• _Recorded data_:
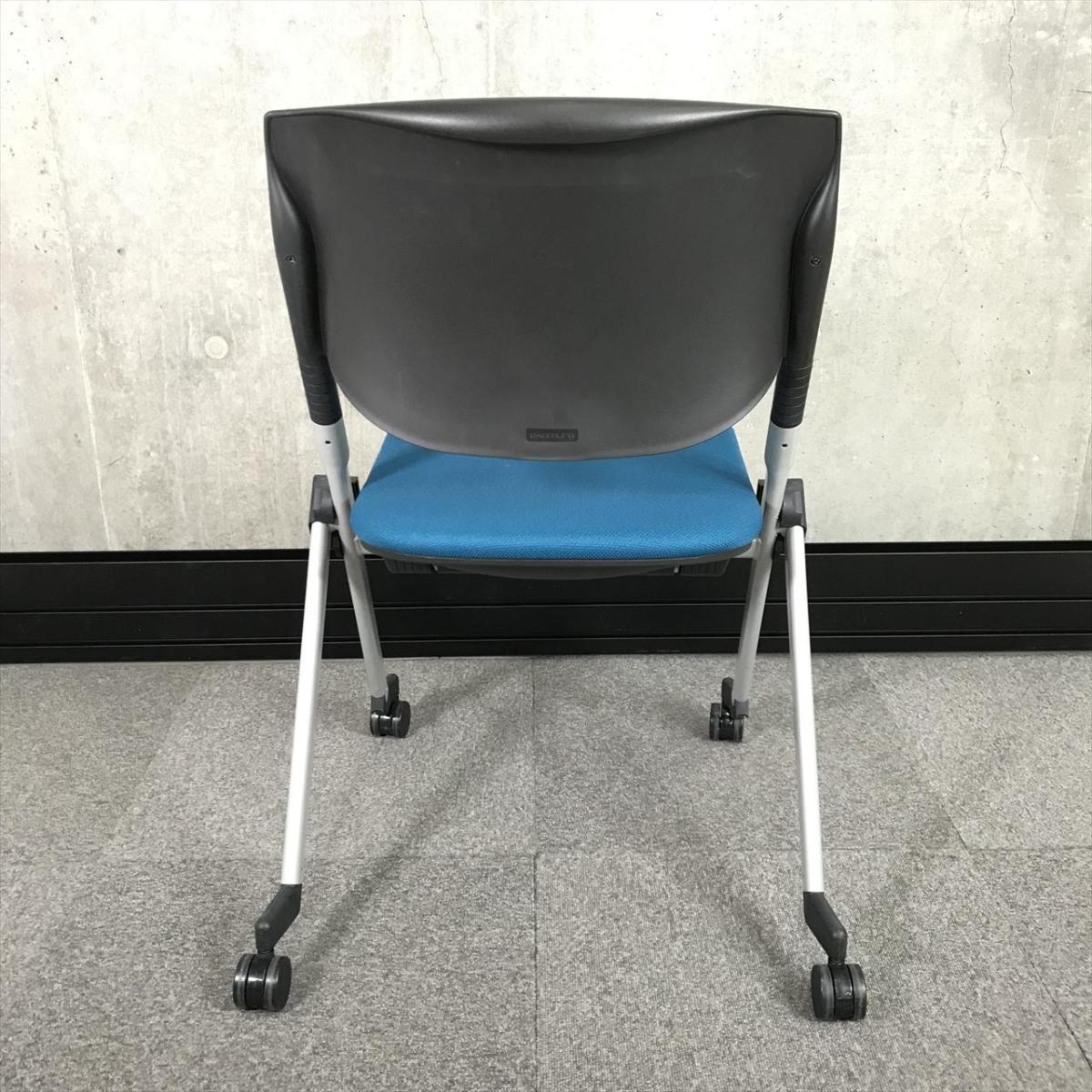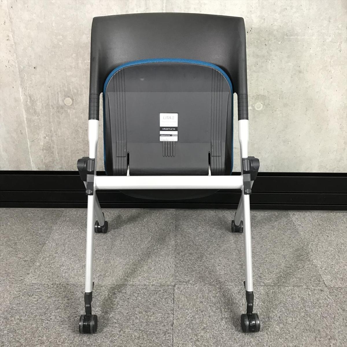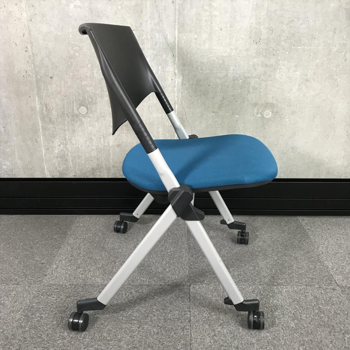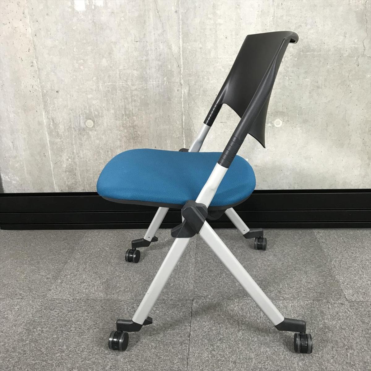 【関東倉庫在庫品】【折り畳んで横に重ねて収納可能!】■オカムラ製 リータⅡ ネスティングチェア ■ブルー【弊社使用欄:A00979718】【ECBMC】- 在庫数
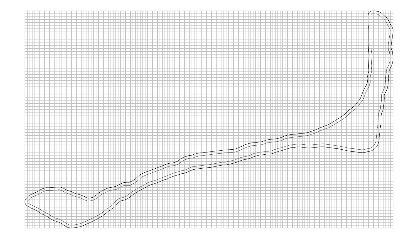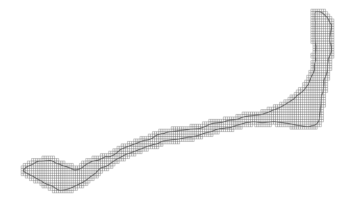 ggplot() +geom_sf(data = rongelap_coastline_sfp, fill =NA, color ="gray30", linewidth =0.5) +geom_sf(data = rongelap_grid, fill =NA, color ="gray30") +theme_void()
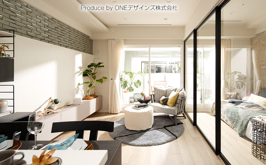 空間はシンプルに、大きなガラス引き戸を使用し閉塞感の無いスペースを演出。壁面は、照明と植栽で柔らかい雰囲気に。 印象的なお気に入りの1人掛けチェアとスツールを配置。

• _What the task requires_:
Drop the pictures; repeat the listing above exactly.

• _Your response_:
 【関東倉庫在庫品】【折り畳んで横に重ねて収納可能!】■オカムラ製 リータⅡ ネスティングチェア ■ブルー【弊社使用欄:A00979718】【ECBMC】- 在庫数
 ggplot() +geom_sf(data = rongelap_coastline_sfp, fill =NA, color ="gray30", linewidth =0.5) +geom_sf(data = rongelap_grid, fill =NA, color ="gray30") +theme_void()
 空間はシンプルに、大きなガラス引き戸を使用し閉塞感の無いスペースを演出。壁面は、照明と植栽で柔らかい雰囲気に。 印象的なお気に入りの1人掛けチェアとスツールを配置。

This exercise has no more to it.